Aim of the task: An acceptable answer repeats exactly the line containing "이미 반환한 메모리를 다시 반환하는 경우 오류가 발생할 수 있다." and all lines that follow it in the listing below, and it includes no pictures.

Provided material:
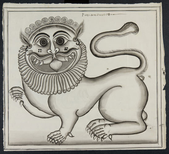 Tekening van een tempelreliëf; leeuw naar links
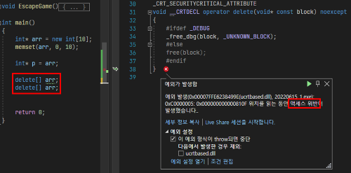 이미 반환한 메모리를 다시 반환하는 경우 오류가 발생할 수 있다.
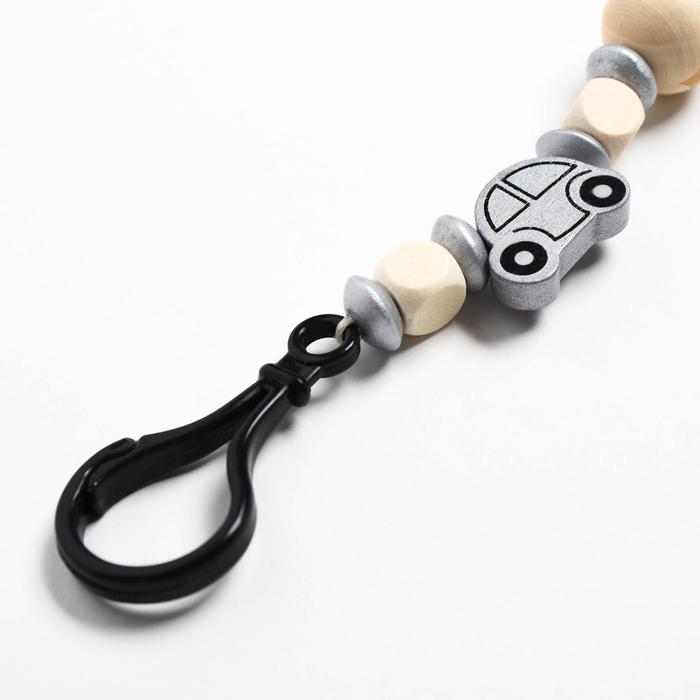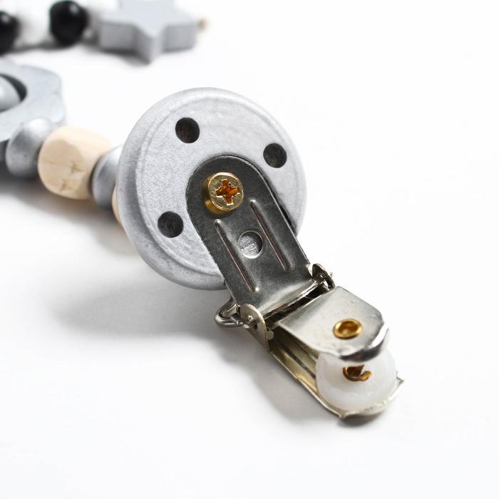 Изделие фиксируется на одежде ребёнка. На конце цепочки есть карабин, который зацепляется за кольцо пустышки. Надёжное крепление убережёт вещь от падения на пол, если малютка случайно выронит её изо рта.

Answer section:
 이미 반환한 메모리를 다시 반환하는 경우 오류가 발생할 수 있다.
 Изделие фиксируется на одежде ребёнка. На конце цепочки есть карабин, который зацепляется за кольцо пустышки. Надёжное крепление убережёт вещь от падения на пол, если малютка случайно выронит её изо рта.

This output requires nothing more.